Keep the images out while you set down the data exactly.

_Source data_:
◆ ◆ ◆ ◆ ◆

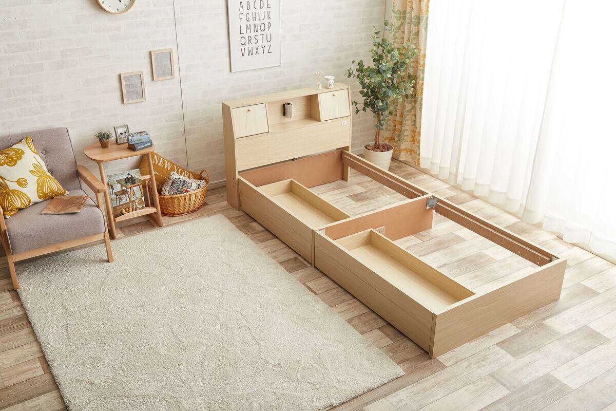 ヘッドボードに照明、コンセント、収納棚が付き、キャスター付の引出しまで付いた収納付ベッド。
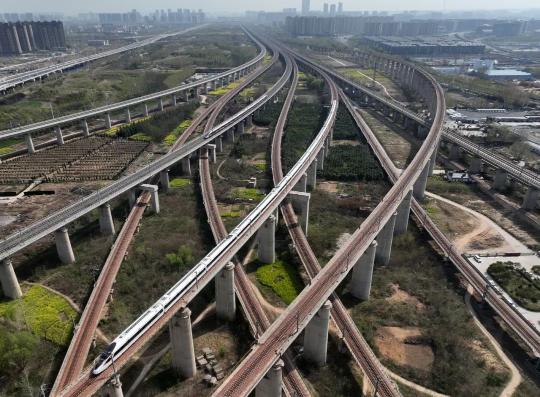 在河南省郑州市拍摄的纵横交错的高铁线路。 新华社记者 李嘉南 摄
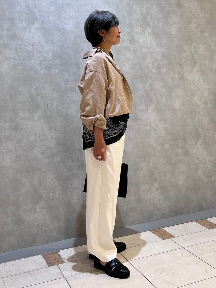 着用感 : 極端に薄手ではないのでアンダーの透けも気になりません。裾丈も補正無しで良いです。
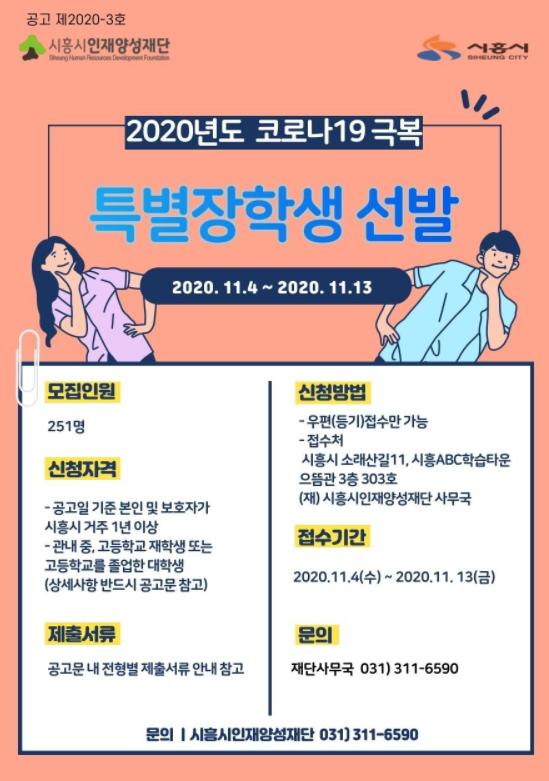 (재)시흥시인재양성재단은 2020년 11월 4일부터 11월 13일까지(10일간) 2020년도 코로나19 극복 특별장학생 선발을 위한 접수를 진행한다고 밝혔다.
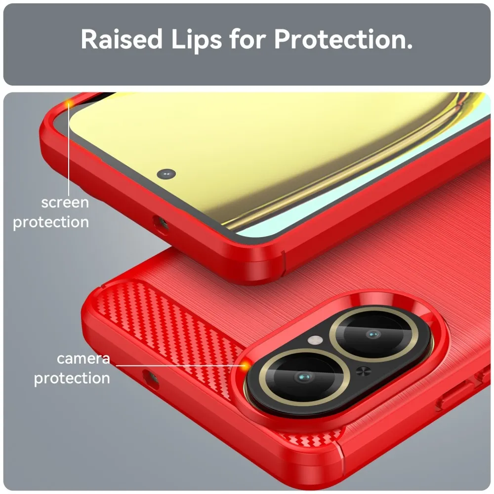 Piros tartós Carbon zselés borítás a Realme C67 mobiltelefonhoz
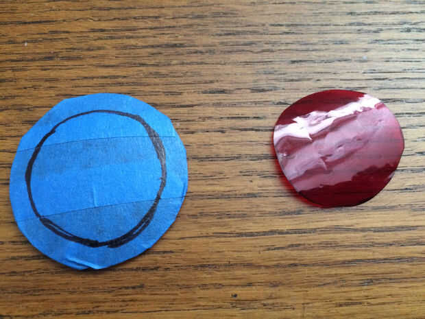 Tomar las lentes de los marcos de gafas de sol y coloque la lente sobre una tabla asegurándose de que la curva de la cóncava es vertical. Cubrir la parte delantera y trasera de las lentes con cinta de pintor para proteger la lente. Utilice la lente de gel viejo como plantilla y trace la forma en la cinta.
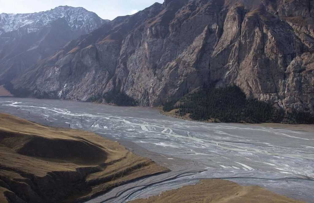 Вторая по водности и самая протяженная среднеазиатская река, Сырдарья, тоже рождается в горных ледниках одной из высочайших горных систем планеты, Тянь-Шаня. Горная речка Нарын пробегает сквозь ущелья и встречается с Карадарьей, сбегающей с Алайского хребта. Воды горных киргизских ледников и снегов объединяются в Сырдарью.
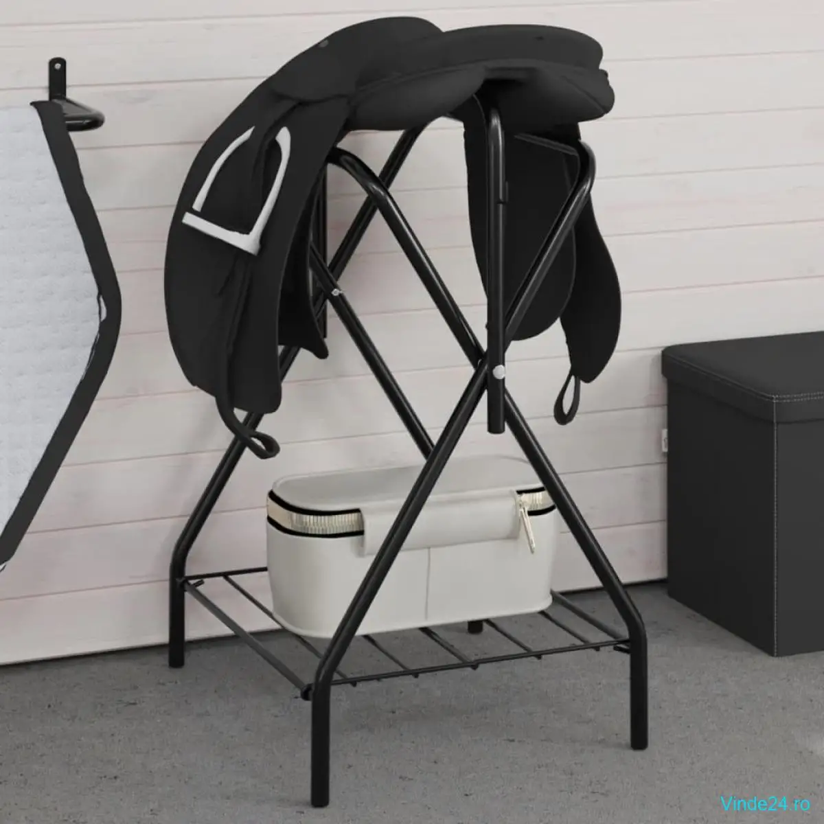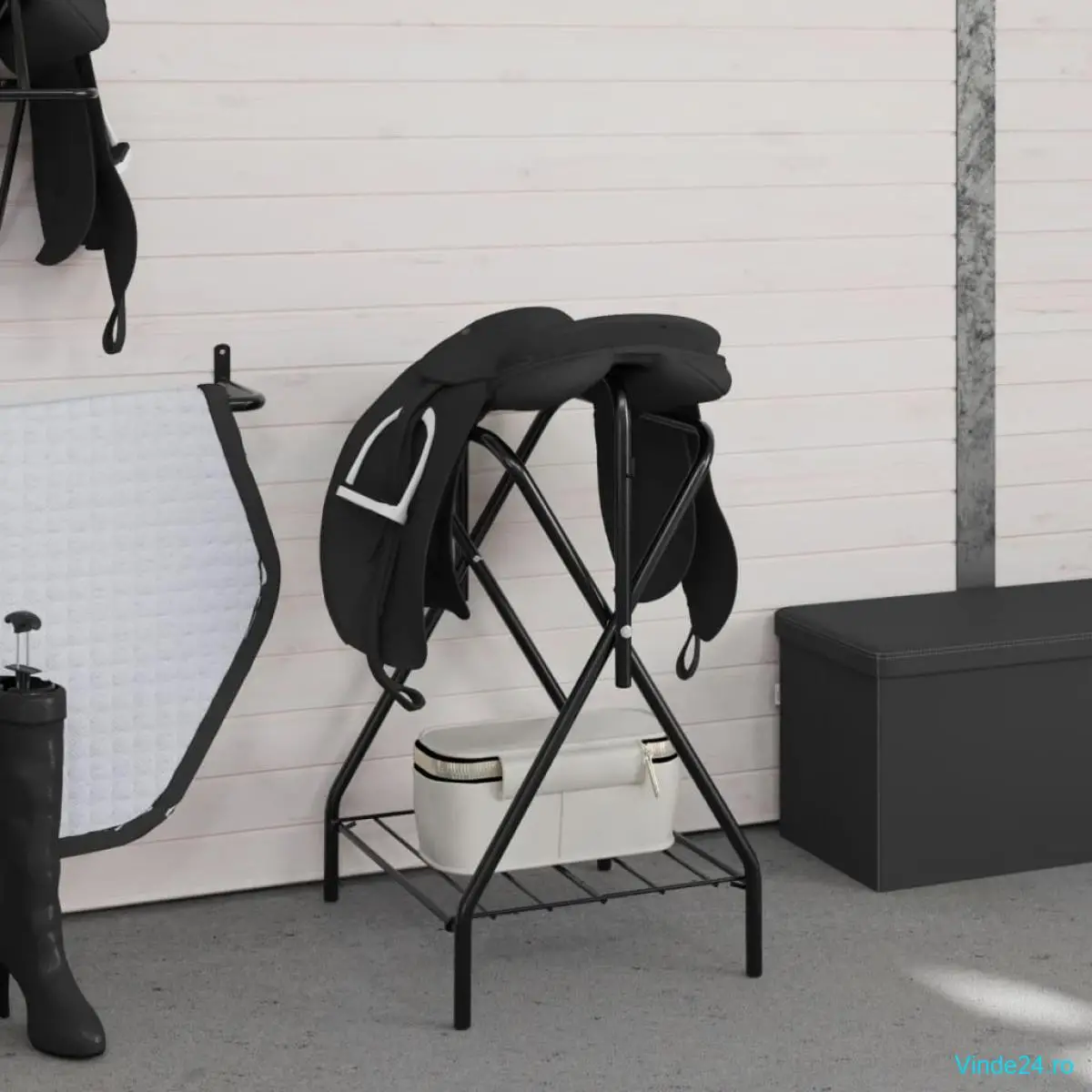 - Spațiu amplu: Suportul pentru șa cu un raft inferior oferă spațiu amplu pentru depozitarea echipamentului dvs. de echitație.

◆ ◆ ◆ ◆ ◆

_Exercise answer_:
 ヘッドボードに照明、コンセント、収納棚が付き、キャスター付の引出しまで付いた収納付ベッド。
 在河南省郑州市拍摄的纵横交错的高铁线路。 新华社记者 李嘉南 摄
 着用感 : 極端に薄手ではないのでアンダーの透けも気になりません。裾丈も補正無しで良いです。
 (재)시흥시인재양성재단은 2020년 11월 4일부터 11월 13일까지(10일간) 2020년도 코로나19 극복 특별장학생 선발을 위한 접수를 진행한다고 밝혔다.
 Piros tartós Carbon zselés borítás a Realme C67 mobiltelefonhoz
 Tomar las lentes de los marcos de gafas de sol y coloque la lente sobre una tabla asegurándose de que la curva de la cóncava es vertical. Cubrir la parte delantera y trasera de las lentes con cinta de pintor para proteger la lente. Utilice la lente de gel viejo como plantilla y trace la forma en la cinta.
 Вторая по водности и самая протяженная среднеазиатская река, Сырдарья, тоже рождается в горных ледниках одной из высочайших горных систем планеты, Тянь-Шаня. Горная речка Нарын пробегает сквозь ущелья и встречается с Карадарьей, сбегающей с Алайского хребта. Воды горных киргизских ледников и снегов объединяются в Сырдарью.
 - Spațiu amplu: Suportul pentru șa cu un raft inferior oferă spațiu amplu pentru depozitarea echipamentului dvs. de echitație.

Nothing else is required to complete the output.